Circoviruses were only discovered in 1974 and have hardly been studied to date. The viruses, which are very small with a diameter of up to 30 nanometers, have a simple structure and do not have a shell. Their genome consists of single-stranded DNA that is formed into a ring – from which the name “Circo-” is derived. So far, these viruses have been considered pure animal pathogens, among other things they are known to be the causative agent of a deadly disease in parrots and two diseases in pigs. For humans, however, the circoviruses have so far been considered completely harmless.
This has changed now. Because a newly discovered variant of the circoviruses can not only infect us humans, it can also make us ill. This was discovered by Philippe Pérot from the Institut Pasteur in Paris and his colleagues when they were investigating a patient with a mysterious liver infection. The elderly woman had received a heart and lung transplant 17 years earlier and was therefore taking immunosuppressive drugs. In early 2022, she was hospitalized for chronic hepatitis.

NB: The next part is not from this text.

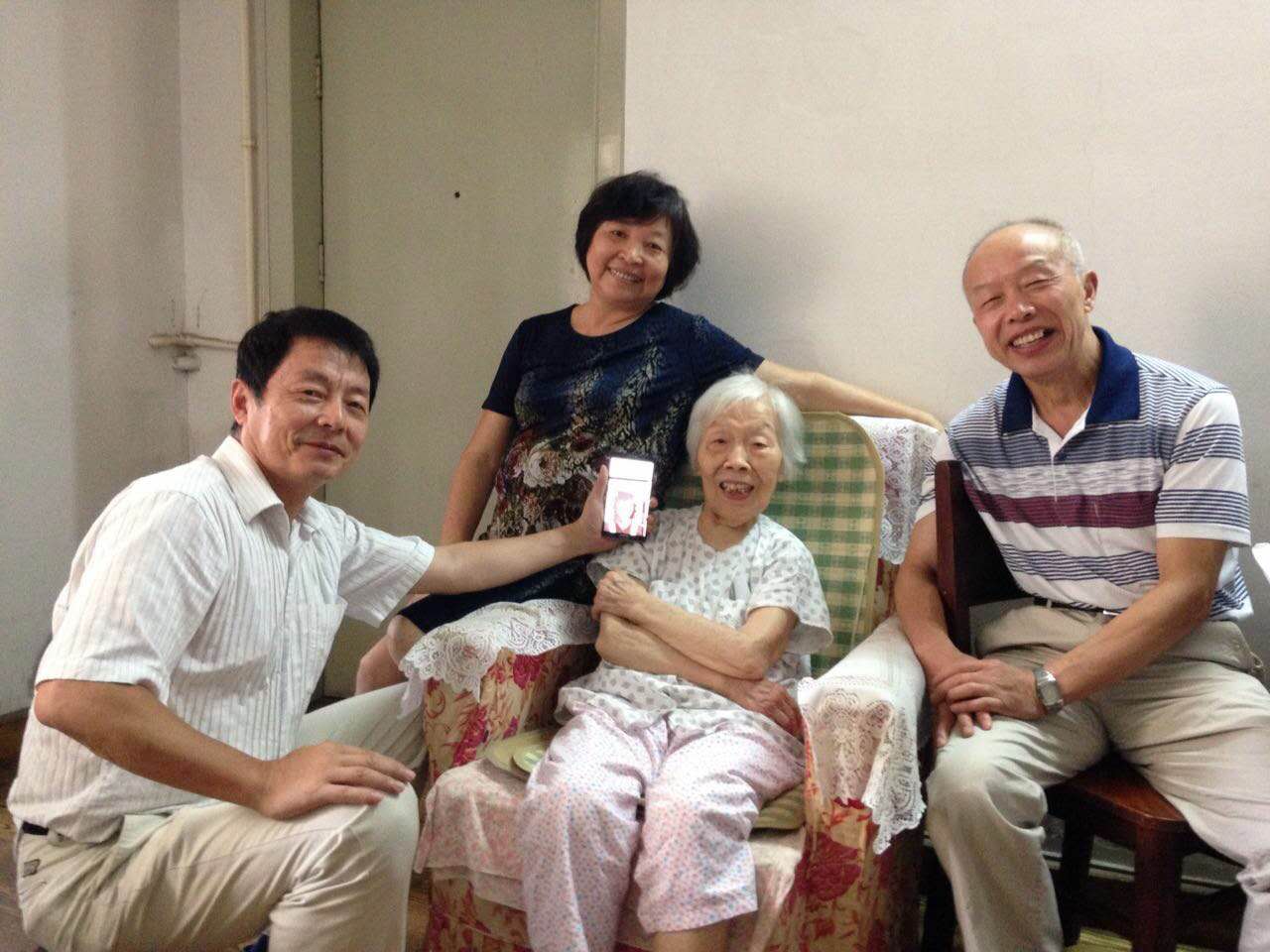 我(右一)和同学经常去探望敬爱的龙老师

When the doctors looked for the cause of her liver inflammation, they could not find anything at first: neither one of the common hepatitis pathogens nor any other infection with known bacteria or viruses could be detected. In addition, the woman had not consumed alcohol, illegal drugs, paracetamol or herbal preparations of unclear composition. Still, her liver showed clear signs of inflammation. But why?

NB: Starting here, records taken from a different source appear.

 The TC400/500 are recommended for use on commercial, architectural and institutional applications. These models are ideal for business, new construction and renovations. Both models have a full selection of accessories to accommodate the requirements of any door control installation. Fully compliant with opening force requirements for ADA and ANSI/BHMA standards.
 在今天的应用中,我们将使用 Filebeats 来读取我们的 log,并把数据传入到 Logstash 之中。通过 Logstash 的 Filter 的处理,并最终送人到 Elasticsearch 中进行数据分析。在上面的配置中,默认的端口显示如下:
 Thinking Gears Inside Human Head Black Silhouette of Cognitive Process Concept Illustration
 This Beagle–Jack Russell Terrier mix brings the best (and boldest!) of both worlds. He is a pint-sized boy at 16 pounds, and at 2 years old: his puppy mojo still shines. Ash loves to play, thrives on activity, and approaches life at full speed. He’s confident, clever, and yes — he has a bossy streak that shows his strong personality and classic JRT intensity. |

Only a computer-assisted search for gene sequences of unknown origin brought clarity. They revealed the presence of a previously unknown circovirus in the patient’s blood and liver tissue. This is the first time researchers have discovered a circovirus that can make us humans ill. “That was completely unexpected,” says Pérot’s colleague Marc Eloit. Because the discovery of new human pathogenic viruses in Europe is extremely rare. The researchers have named this new virus “human circovirus-1”, or HCirV-1 for short.
More detailed analyzes revealed that HCircV-1 can infect human liver cells, multiply in them and thereby damage them. This explains the hepatitis symptoms of the immunocompromised patient. According to the scientists, the new virus could also be responsible for unexplained cases of hepatitis in other patients – for example for the mysterious hepatitis epidemic that hit children in Great Britain in particular, but also in some other European countries at the beginning of 2022.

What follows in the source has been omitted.